- Task brief: Wherever a picture appears in the listing below, leave it out and reproduce the rest exactly.

- Exercise data:
::::::
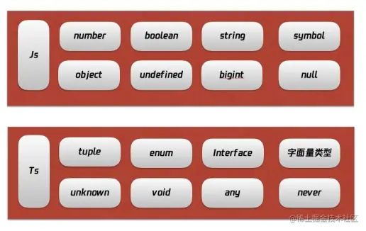 类型体操的主要类型列举在图中。TypeScript 复用了 JS 的基础类型和复合类型,并新增元组(Tuple)、接口(Interface)、枚举(Enum)等类型,这些类型在日常开发过程中类型声明应该都很常用,不做赘述。
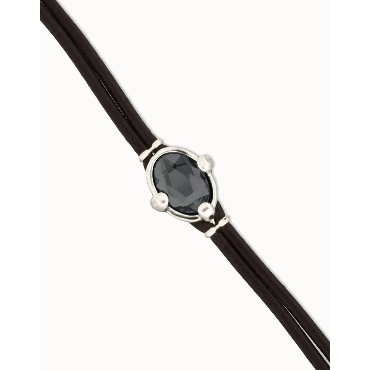 Ser Deslumbrante Faceted Black Oval Crystal Leather Silver Plated Bracelet - PUL2594NGRMTL0M
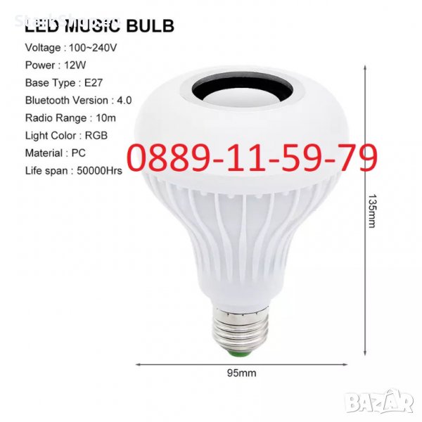 Лампата има различни режими на светене, може само един конкретен цвят, мигащ ефект и много други диско ефекти. Може да изберете само музикален режим, без светещ ефект или обратното, само да свети без да свири. Музиката се пуска чрез блутут – телефон, таблет и др. Лампата може да се изключи от дистанционното, не е нужно да ставате. Включва се в класическа фасунка или полилей. Енергоспестяваща.
::::::
- Task response:
 类型体操的主要类型列举在图中。TypeScript 复用了 JS 的基础类型和复合类型,并新增元组(Tuple)、接口(Interface)、枚举(Enum)等类型,这些类型在日常开发过程中类型声明应该都很常用,不做赘述。
 Ser Deslumbrante Faceted Black Oval Crystal Leather Silver Plated Bracelet - PUL2594NGRMTL0M
 Лампата има различни режими на светене, може само един конкретен цвят, мигащ ефект и много други диско ефекти. Може да изберете само музикален режим, без светещ ефект или обратното, само да свети без да свири. Музиката се пуска чрез блутут – телефон, таблет и др. Лампата може да се изключи от дистанционното, не е нужно да ставате. Включва се в класическа фасунка или полилей. Енергоспестяваща.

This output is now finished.